Gov. Brownback has won the support of four Kansas bishops in his effort to secure religious liberty for all the state’s citizens. His executive order, necessitated by the Supreme Court’s decision to legalize gay marriage, offers protection to churches, clergy, religious leaders, and organizations: they cannot be forced by government to violate their religiously grounded convictions on marriage. Not only does it protect against attempts to strip churches of their tax exempt status, it bars state agencies from altering contracts.

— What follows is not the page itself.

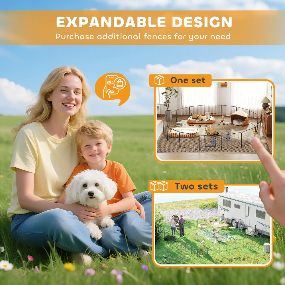 With this PawHut dog play pen, pets have a safe space to be themselves, whilst giving you peace of mind. With 16 panels, it's flexible and spacious, providing lots of room to roam, play and relax - pets won't feel boxed in. Features ground stakes that go into the ground for stability, you'll set this playpen into different shapes to fit your layout, whether it's inside or outside. For pets, it's freedom and security and for you, it's knowing they're safe and sound, with lots of space to enjoy.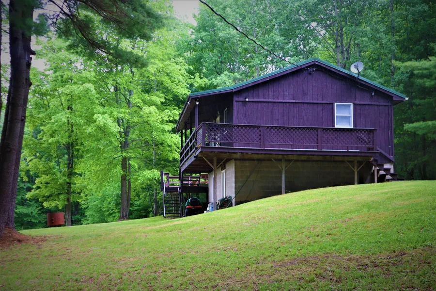 Enjoy a million dollar view right from the cabin porch and lower deck looking over one of two ponds in this tucked away escape. Rarely do you find a property that has privacy, ponds, mountain views, great deer hunting and that peaceful easy feeling all in one special place. The upper pond is overlooked from a 638 square foot cabin, with an additional 638 lower level with a 9’ ceiling sporting a 29 foot long covered porch, and 16’ x 19’ lower deck large enough for whole family retreats and barbeque summers. Two bedrooms are off board to the open concept kitchen and living room with a fireplace. One is used as a primary bedroom, while the second has bunk beds for more guests or the kiddos. There are three sources of heat. Propane, electric or the bone warming heat of a wood stove after a days hike or hunt. The yard is expansive and has been diligently maintained for a cabin campus that has a park like feel. Deer and turkey abound in the surrounding hills, and total access is afforded by a trail network that spans all corners of the property. A lower pond is additionally as nice as the upper, and would be a perfect location for a pavilion or expanding to a second cabin for other family members or friends should you have a need for more lodging. A second road provides access to the lower pond as well. Springs are healthy here and several are on the property with a very strong outflow. The owner’s deer camp crew has enjoyed many successful seasons here, no doubt as evidenced by a pine tree buck pole ready for the fall, and sharing pictures of a whopper class buck picture taken a few years ago. The bonus to this property is that the cabin comes fully furnished ready to move into and start enjoying the seasons right away. Owned since 1973, this property has been lovingly cared for, groomed and maintained for four season recreations, even having a portion of the snowmobile trail clipping a corner of the property for sledding enthusiasts. Hop on the trail and ride. A select cut (17”) timber harvest was completed 6 years ago, and the understory has recovered beautifully and the deer have plowed into the property in numbers with early succession growth rejuvenating under the canopy now that light can reach the forest floor. Don’t let this special property pass you by, it is awesome and relaxing at the same time. Priced well to sell!

Kansas City Archbishop Joseph Naumann, Dodge City Bishop John Brungardt, Salina Bishop Edward Weisenburger, and Wichita Bishop Carl Kemme signed a statement in support of Brownback’s executive order. “When five individuals on the Supreme Court redefined the institution of marriage for the entire country,” they said, “the Kansas marriage amendment approved by 70% of the voters in 2005 was struck down.” The bishops stood their ground on refusing to perform gay weddings. Importantly, they did not stop there. “In this country religious freedom has meant the right to live one’s faith in one’s daily life, at home and at work, in private and in public,” they added.

Already critics are saying that we don’t need more protection for religious liberty. Ironically, those saying this, such as Barry Lynn of Americans United for Separation of Church and State, are the very people we need protections from: they are pushing to crush our First Amendment right to religious freedom. Given their agenda, we can’t have enough rights.

No one is saying that homosexuals will be denied a marriage license. But no one should be coerced into giving his consent to gay weddings, either. Those who say that gay marriages should enjoy the same rights as interracial marriages are mistaken: there never was a plausible religious objection to the latter, but there most certainly is to the former.